If she grows up and loves school, great. If she outgrows her health issues, absolutely fantastic. But in the end, as long as she is okay, as long as she is happy and knows she is loved unconditionally, that’s all that matters. Turns out the refrain that sustained me throughout our pregnancy--just let her be okay--sustains us still.

Thursday, March 03, 2011

Audience

In my writing classes, audience is the fundamental principle we keep returning to for each assignment: Are my health sciences students writing to peers in the professional realm? To a scholarly, academic audience? To the general public, or a patient (ie, lay person) audience? Such audience analysis gives way to decisions about scope of content, vocabulary and diction, and overall tone and approach.

You need to know your audience for your message to be successful,” I hear myself saying over and over.

And yet lately, when it comes to my own writing, I seem to be so hyper-aware of audience and more specifically purpose, that it leaves me wordless. (I know!)

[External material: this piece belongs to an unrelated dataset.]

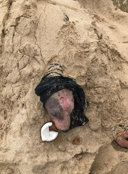 The rescuers dug out the dog from O’ahu beach in Hawaii. But they found the dog with sunburn, 90% of the fur missing, and deep wounds on its legs indicating its owner had used a weapon to hurt it.

I’ve mentioned having trouble with balance since going back to work full time with a baby, and have also said I’m trying to get back into a groove. And while part of that does mean simply carving out the time to post with regularity, to comment on the posts I read (because I still read them—it’s something I can do one-handed while nursing), and to engage more fully in this online world, that is only part of it.

I need to find my content groove again, too. So often I have concrete ideas, ideas that won’t go away and keep percolating away until they threaten to bubble over, but then I stop short of executing them.

I want to write about aspects of parenting that are enlightening and humbling, like breastfeeding.

(But this isn’t a parenting blog, so stick with issues of parenting and chronic illness, like knowing when to fire a pediatrician, says the little voice.

I want to write about being a parent after infertility, since I never expected just how much that journey would inform my worldview and my thoughts on this joyful little girl I get to wake up to every day.

(But think about the people reading this who might still be going through the infertility nightmare, cautions the little voice.

And I do want to write about finding balance, and feeling like I am falling down the rabbit hole of work again, except that while there is a lot of pressure right now with work-related stuff, there is so, so much happiness and fulfillment and joy with my daughter that I am worried I will not strike the appropriate balance, one that shows how much my heart and mind have stretched and changed and re-prioritized in the midst of the same old problem.

(But can do you that in a way that is accessible?, queries the little voice.

And as cognizant as I am of what I set out for this blog to be a few years ago, and trying to stay true to that, I am even more aware of how much of what is really at the core of where I am right now is not necessarily my story to tell.

(Just because you’re a writer doesn’t make all your material fair game, chides the little voice, a point that speaks to me more strongly than ever.

I feel myself pulling inward. I do think there are ways to discuss parenting and still relate it to chronic illness, and I want what I write to reflect the huge shift in my life, but I also want to protect my daughter’s privacy and not put too much out there about her. You won’t see her name here, or details about her health, but perhaps there is more room for a little window into our lives with her.

There have been so many changes in the lives of people close to me over the past several months, and the repercussions of those changes affect me every day. But other people’s illnesses are not my illnesses, and though we are all connected, I am drawn by the urge to protect the vulnerability I see.

And here we are. The days are getting longer. The snow banks are melting a little bit. I survived the bulk of winter without getting too sick or going to the hospital. There is a happy baby chattering away in her crib right now, thrilled to be awake and content to tell secrets to herself for a few minutes. And, I have stories to tell. I just need to get out of my own way.